1. Set the DL Model File and Configuration File

  • Double-click on the Procedure Instance Segmentation to display the detailed structure.

  • Select the Step Instance Segmentation and click on icon_selectmodel to set the model file and configuration file in the Parameter, as shown below.

../../../_images/add_model_file.png

2. Set the Model File and Geometric Center File

  • Double-click on the Procedure 3D Matching to display the detailed structure.

  • Select the Step 3D Coarse Matching and click on icon_selectmodel to set the model file and geometric center file in the Parameter, as shown below.

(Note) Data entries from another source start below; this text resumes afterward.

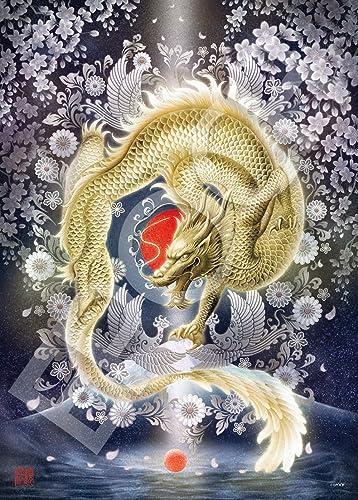 黄金の龍は、繁栄をもたらす非常に縁起の良い龍と伝えられています。龍が手にする「如意宝珠(にょいほうじゅ)」は「意のままに」という意味を持つ「如意」と、宝物を意味する「宝珠」を組み合わせた言葉で、人々の願いを叶え邪気を祓うと言われています。龍が如意宝珠を掴み取り天に昇ろうとする姿を描いたこの作品は、幸運を掴み取る、運気上昇、開運、金運向上を表しています。吉祥動物を描きこんだ縁起の良いモチーフを描いたシリーズです。
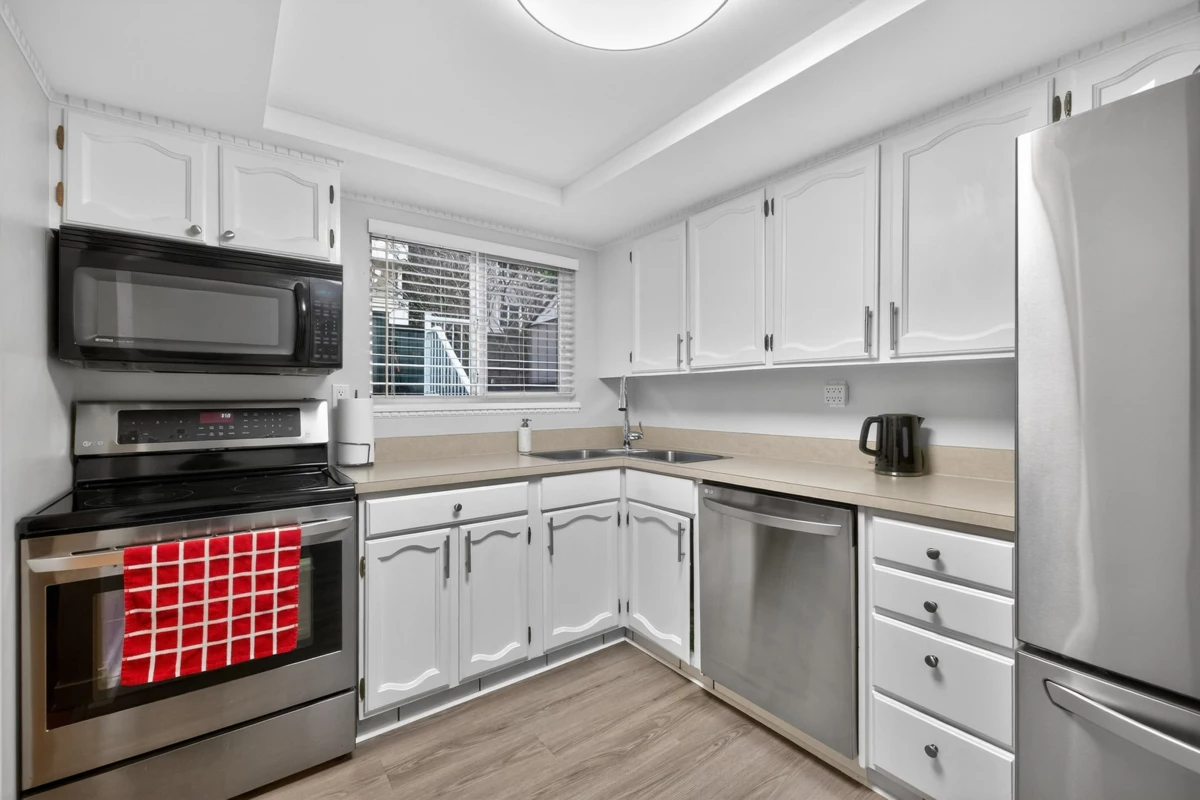 Discover the best of White Rock living at Kent Heritage. This spacious 2 bed, 2 bath ground-floor home offers over 1,000 sq ft of comfortable living plus a rare, massive 600+ sq ft private wrap-around patio — perfect for gardening, entertaining guests, or simply relaxing in the sunshine. The home features NEW laminate flooring in both bedrooms, a fully renovated ensuite, and updated main bathroom with new flooring, vanity, and toilet. Freshly painted throughout, this unit is truly move-in ready. Enjoy unbeatable convenience with restaurants, shops, transit, and everyday amenities all within walking distance, and just a short stroll down to the beach. A fantastic opportunity in one of White Rock’s most desirable communities. Bring your pets, 2 are allowed. Open House Jan 31/ Sat 2 to 4pm
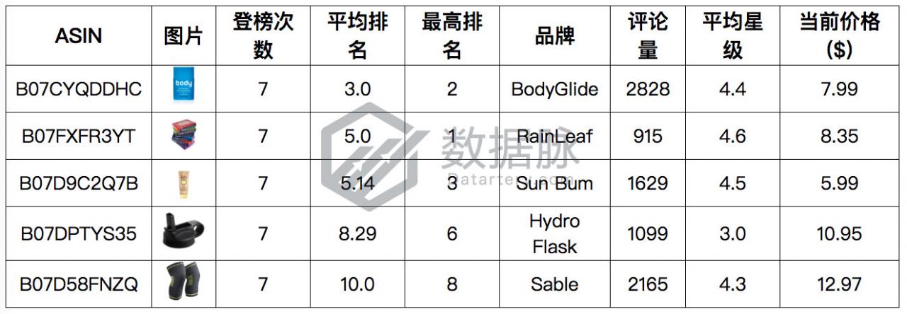可以看到,在上周Sports & Outdoors品类的Hot New Releases榜单中, 品牌BodyGlide的智能手表腕带多次跻身榜单前三,以平均排名3.0位列商品综合排名首位,
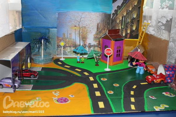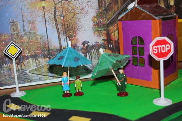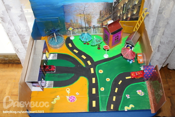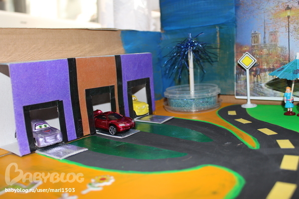Сгущающиеся сумерки, включенные фонари - один из осенних французских вечеров, где прохожие неторопливо прогуливаются, беседуют (можно поразмышлять о чем они говорят), складывается ощущение уюта, мира и тепла. Но это мы уже по прошествии нескольких дней ощутили и узнали, что здесь располагается отель «La Tour Notre Dame», а так дорога задумывалась самая обычная. Основную дорогу начала рисовать я, потом подключился Ваня, взял кисточку и с удовольствием помогал. Задал направление трем дорожкам, четвертой, которая ведет направо в арку и пятой, ведет в гараж. А я уже оформляла границы. Еще Ванюшка сам клеил насекомых и цветочки, а остальное делала я, теперь вот задумалась, что в приципе много можно было сделать совместно. Может тогда не стал бы пытаться отодрать гаражи от основы, на которую они приклеены.
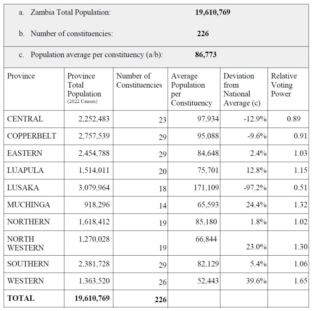 CCMG’s preliminary analysis reveals significant disparities in voting power across provinces. In particular, constituencies in Lusaka appear to be severely underrepresented compared to those in provinces such as Western, Muchinga, and North-Western. These imbalances mean that some constituencies, represented by Members of Parliament in the National Assembly, have way more citizens than others, thus contradicting the fundamental democratic principle of equal suffrage. As the ECZ has not yet released the full details on the new constituencies, including their populations and geographical boundaries, additional analysis is not yet possible.

../../../_images/add_template_file.png
  • The way to set model file and geometric center file in 3D Fine Matching is the same as it is in 3D Coarse Matching.

3. Set Poses Files

  • Select the Step Map to Multi Pick Points and click on icon_selectmodel to set the poses files and important lables in Parameter, as shown below.

../../../_images/multi_capture_points.png

Running and Debugging

After completing the project deployment, click on icon_run_button to run the project.

Tip

If you need to save the images or parameters when debugging the project or before training a deep learning model, you can use the tool Data Storage.


After successfully running and debugging the project, if you need to save the on-site data for future reference or you find that certain part of the project is not performing well and would like to optimize the Step or tune the parameters in an off-site situation, the tools Data Storage and Data Playback can be very useful.

Prerequisites for using the tool Data Playback:

  1. A project file in which the project can run correctly without errors.

  2. On-site source data which is gathered during the whole period while running the project, including 2D color images, depth maps, camera parameter file. Please refer to Data Storage for instructions on how to save the data.